The sample space is the unit square \([0,1]^2\) with points corresponding to \((x_1,x_2)\). The probability measure is the same as area in this square. A necessary and sufficient condition to form a triangle is that the segments \([0,x_1]\), \([x_1,x_2]\) and \([x_2,1]\) satisfy the triangle inequalities. Assuming \(x_1 < x_2\), these take the form
\[ \begin{equation} x_1 < (x_2-x_1) + (1-x_2) \qquad 1-x_2 < x_1 + (x_2-x_1) \qquad x_2-x_1 < (1-x_2)+x_1 \end{equation} \]
The first inequality says \(x_1 < \frac 1 2\), the second that \(x_2 > \frac 1 2\) and the last that \(x_2-x_1 < \frac 1 2\). These inequalities describe a triangle in the unit square with area \(\frac 1 8\). Considering also the symmetrical when \(x_1 > x_2\), the total probability is \(\frac 2 8\)

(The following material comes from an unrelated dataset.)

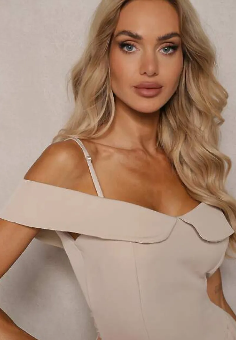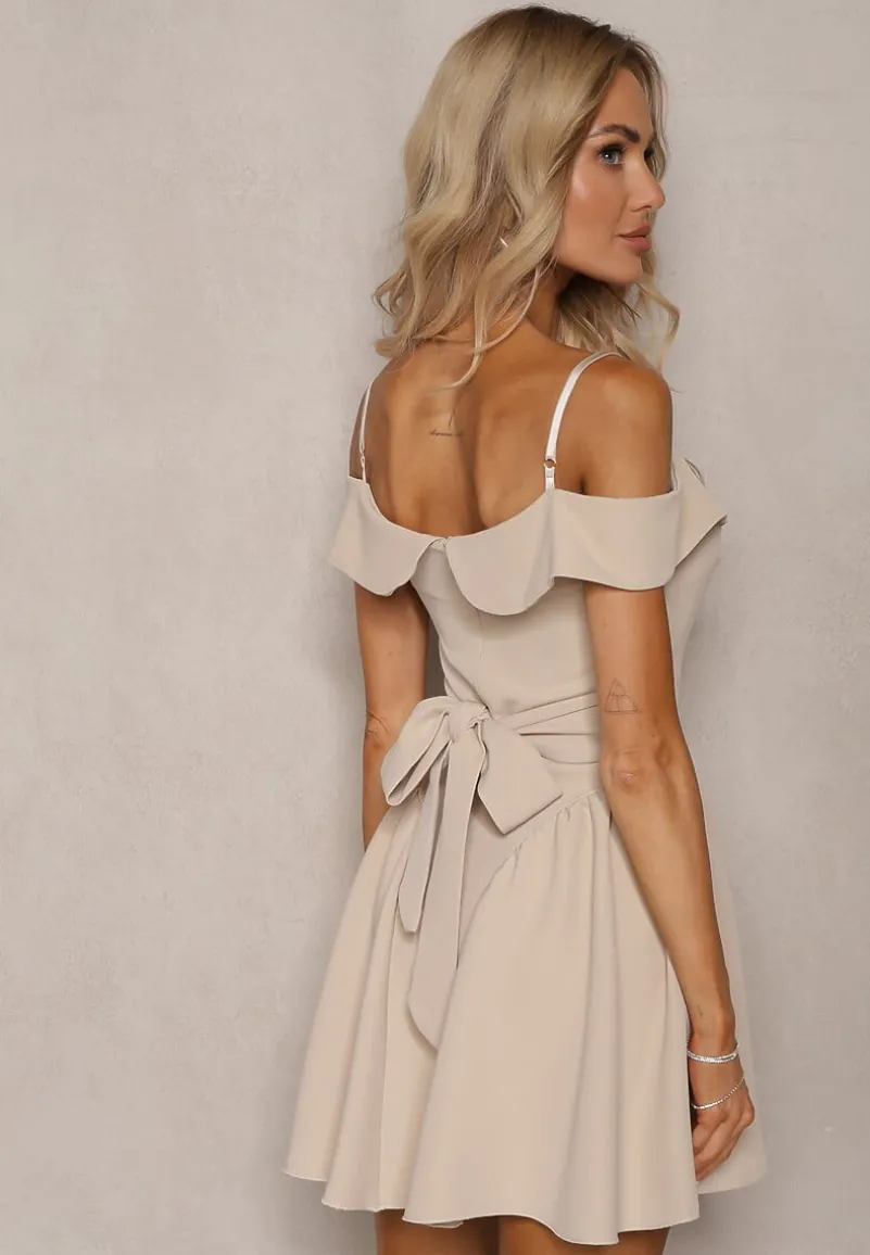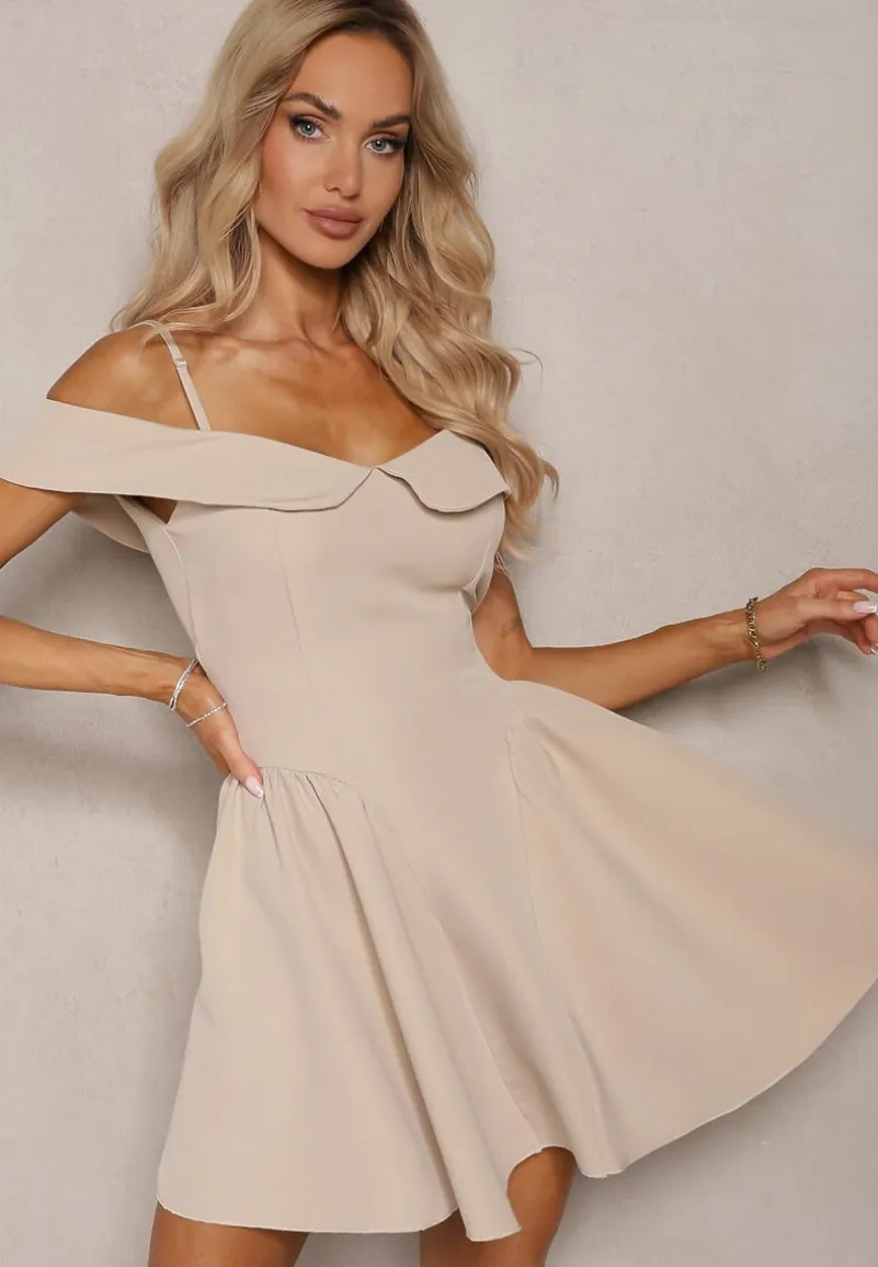 Beżowa Sukienka na Ramiączkach z Regulacją z Usztywnionymi Miseczkami Miviora

Planet \(X\) is a ball with center \(O\). Thre spaceships \(A\), \(B\) and \(C\) land at random on its surface, their positions being independent and each uniformly distributed on the surface. Spaceships \(A\) and \(B\) can communicate directly by radio if \(\angle AOB \leq 90^\circ\). What's the probability all three can communicate? (For example, \(A\) can communicate to \(C\) via \(B\) if necessary).
A spaceship \(X\) may communicate with any spaceship in the points in the hemisphere centered at \(X\). Denote this by \(h(X)\). Without loss of generality, rotate the sphere so that \(A\) is the north pole, and \(B\) lies in a fixed plane through \(O\) and \(A\). The three ships may communicate if:
\(B\) is in the northern hemisphere and \(C\) is in the northern hemisphere (the ships can communicate via \(A\))
\(B\) is in the northern hemisphere and \(C\) is in the half-lune \(h(B)\setminus h(A)\) (the ships can communicate via \(B\))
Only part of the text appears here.